Recently, the Centers for Medicare and Medicaid Services announced a final rule that “strengthens the agency’s ability to stop fraud before it happens by keeping unscrupulous providers out of our federal health insurance programs”. According to CMS, the Program Integrity Enhancements to the Provider Enrollment Process (CMS-6058-FC) aims to reduce a “pay and chase” model for investigating fraud in the federal healthcare program.
CMS hopes to address gaps and vulnerabilities in the provider enrollment system when it comes to identifying bad actors and vendor and owner deception within Medicare, Medicaid, and CHIP. Because of increased compliance standards for uncovering vendor and owner information, as well as previous healthcare affiliations, it is important to have a smarter process for monitoring all your healthcare populations. In this post, we’ll take a look at the new rule from CMS and how it applies to your organization.

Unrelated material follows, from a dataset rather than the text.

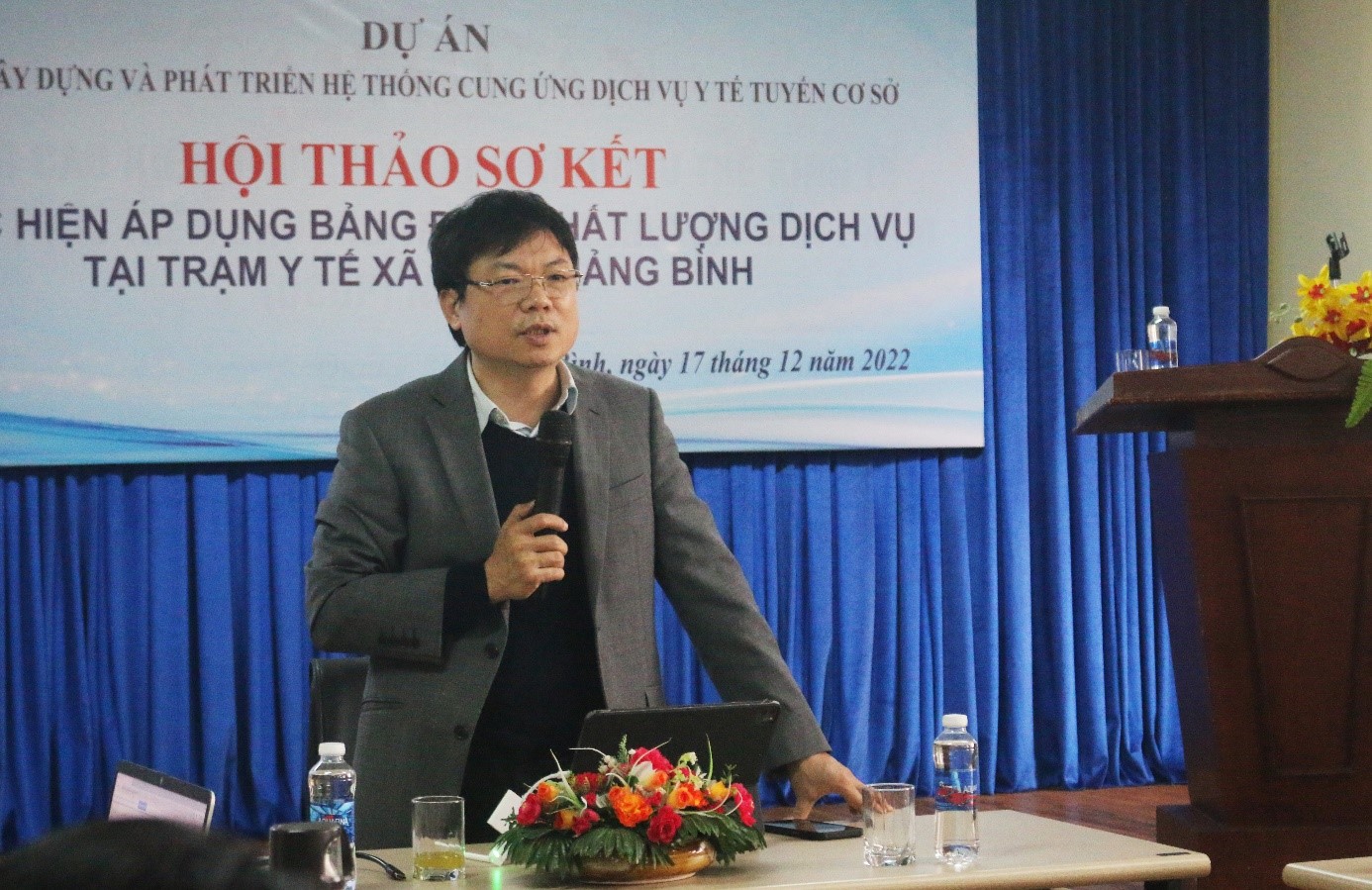 Ngày 17/12/2022, Sở Y tế - Ban Quản lý dự án Đầu tư xây dựng và phát triển hệ thống cung ứng dịch vụ y tế tuyến cơ sở tỉnh đã tổ chức Hội thảo sơ kết thực hiện Áp dụng Bảng điểm chất lượng (BĐCL) dịch vụ tại Trạm Y tế xã/phường/thị trấn. Đồng chí Dương Thanh Bình, BS Chuyên khoa cấp II, Giám đốc Sở Y tế - Giám đốc ban quản lý dự án tham dự và chủ trì hội thảo.

New CMS Revocation and Denial Authorities
CMS and HHS OIG are continually working to reduce fraud, waste, and abuse in federal healthcare programs such as Medicare, Medicaid, CHIP, and more. Providers and suppliers are now more accountable for their relationships with previous sanctioned or revoked individuals or entities under the affiliations authority found in the CMS Medicare and Medicaid Enforcement Announcement.
CMS Definition for an Affiliation
The new “affiliation” term for CMS is considered to be quite broad, applying to both reassignment relationships (§ 424.80) and ownership interest of a healthcare organization.
According to the Centers for Medicare and Medicaid Services (CMS), an affiliation can be defined as the following for providers and suppliers:
- 5% or greater direct or indirect ownership interest (publicly-traded company, mutual fund or other large investment vehicle) that an individual or entity has in another organization.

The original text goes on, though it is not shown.